In the Part D drug program, the number of beneficiaries getting compounded drugs has grown 281 percent since 2006 to nearly 280,000 in 2015. Spending on such drugs reached $509 million — up 625 percent since 2006, the inspector general’s report noted, although that amount remained a tiny fraction of the Part D’s total drug spending.
Topical creams and gels, which are often used for pain, are among the fastest-growing category of compounded drugs. Part D spending on those rose 3,466 percent over the decade; the average cost per prescription hit $331, up from $40 in 2006.
New rules from the Labor Department went into effect July 1, aimed at slowing spending increases for the federal workers’ comp program. Among other changes, the agency will limit initial prescriptions to 90 days.
While legitimately prescribed compounded drugs “can dramatically improve a patient’s quality of life,” it is important to have “proper controls around billing,” John Voliva, executive vice president of the International Academy of Compounding Pharmacists, said Monday in a statement. The inspector general’s report demonstrated that such controls “are not in place,” he said.
The scrutiny itself has been increasing since a 2012 meningitis outbreak linked to a Massachusetts compounding pharmacy that sold tainted injectable medications. Sixty-four people died.
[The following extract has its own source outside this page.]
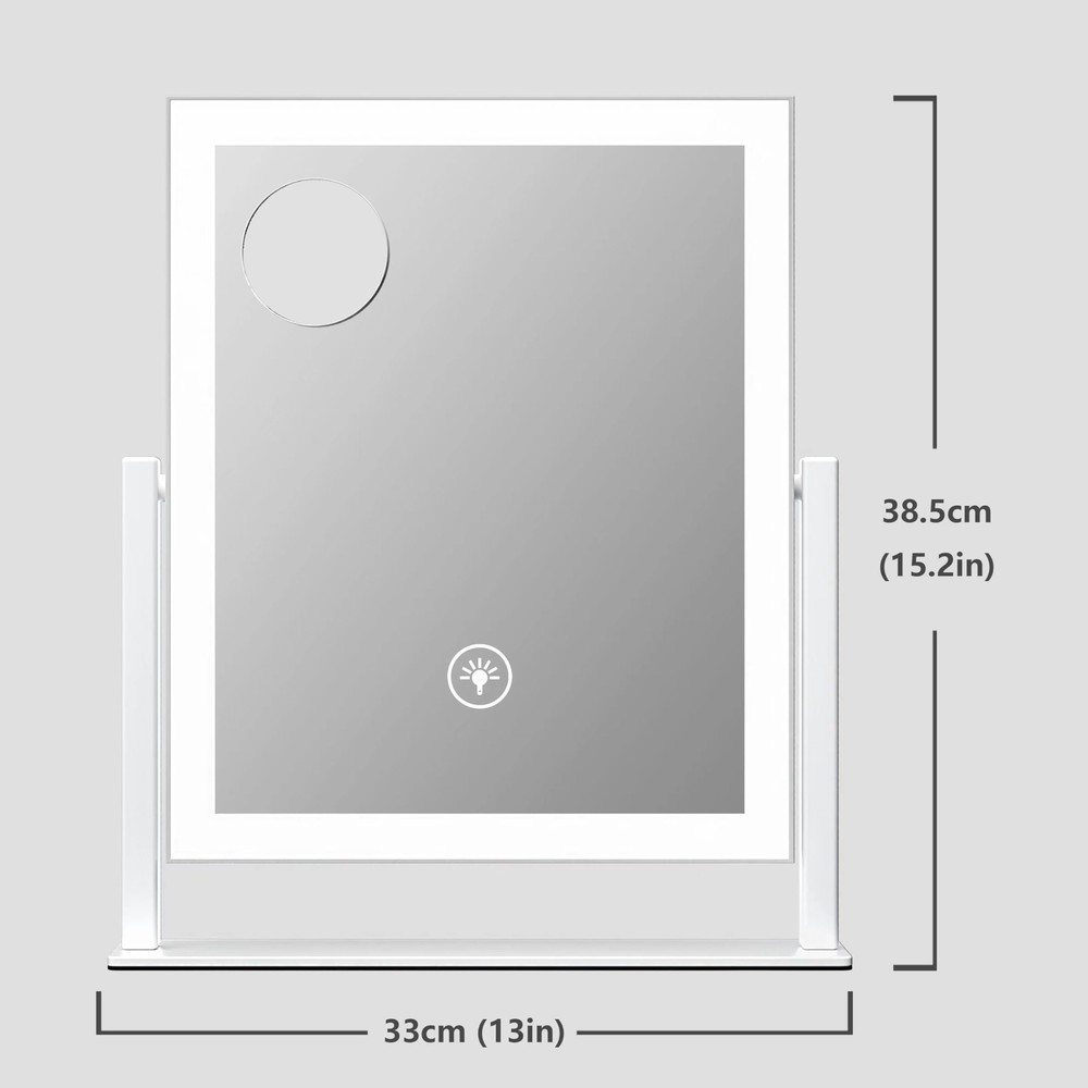 👍【Upgrade brightness】Most of the makeup mirrors with light bars on the market only have 80 light beads, which makes consumers feel that the lighting is not enough. We have improved on this! We have a full 120 light beads light bar per meter,which greatly improving the brightness of the makeup mirror. 👍【No Installation Required-Upgrade】The make up mirror doesn't require any complicated installation, all you do is plug the mirror in, and it’s working. 👍【3 different light colors】120 LED lights providing a large and bright viewing, adjustable brightness and 3 lights color modes(day light(5500K), cold light(7800K), warm light(4000K),meeting all kind of flawless professional makeup, suitable for any occasions 👍【Smart Touch Control & Memory Function】lighted smart mirror with lights has 3 touch buttons on the front. Simply short press "M" to change the color temperature, long press "P" to adjust the brightness. The built-in Memory Function can help remember your personal brightness settings, thusit will get in to the same light mode when you turn on the mirror next time. 👍【360° Free Rotation】360°swivel rotatable, can be fixed at any position as needed, detachable 10X Magnification mirror helps you to see every detail clearly and apply delicate makeup for eyeliner, eyebrow and lipstick 👍【Perfect size professional mirror】dressing mirror large size: 15.2 "L x 12.8 "W, providing you with the perfect perspective; frame using strong aluminum alloy .of copper-free silver-plated glass, even if the glass is broken, it can maintain the bonding state without causing damage 👍【NOTICE】Magnifying not the entire mirror,it is 4 inch detachable 10X Magnification

In the wake of that case, some states tightened their oversight of the industry, particularly of pharmacies making products that must be sterile. Those drugs are not considered approved by the Food and Drug Administration, although the agency does get involved when it is concerned that a site might not be making medications properly or has started to mass-produce treatments rather than preparing them for individual patients.
At times, compounded drugs can be more cost-effective. When Turing Pharmaceuticals last year raised the price of a drug used for patients with compromised immune systems from $13.50 a pill to $750, Express Scripts, one of the nation’s largest pharmacy benefit managers, partnered with a compounding pharmacy to produce its own version for $1 a pill.
Nationally since 2012, pharmacies have been required to report all ingredients they use to make a compounded drug. The idea was to provide insurers with more information about what they were being billed for and ensure there were no hidden elements.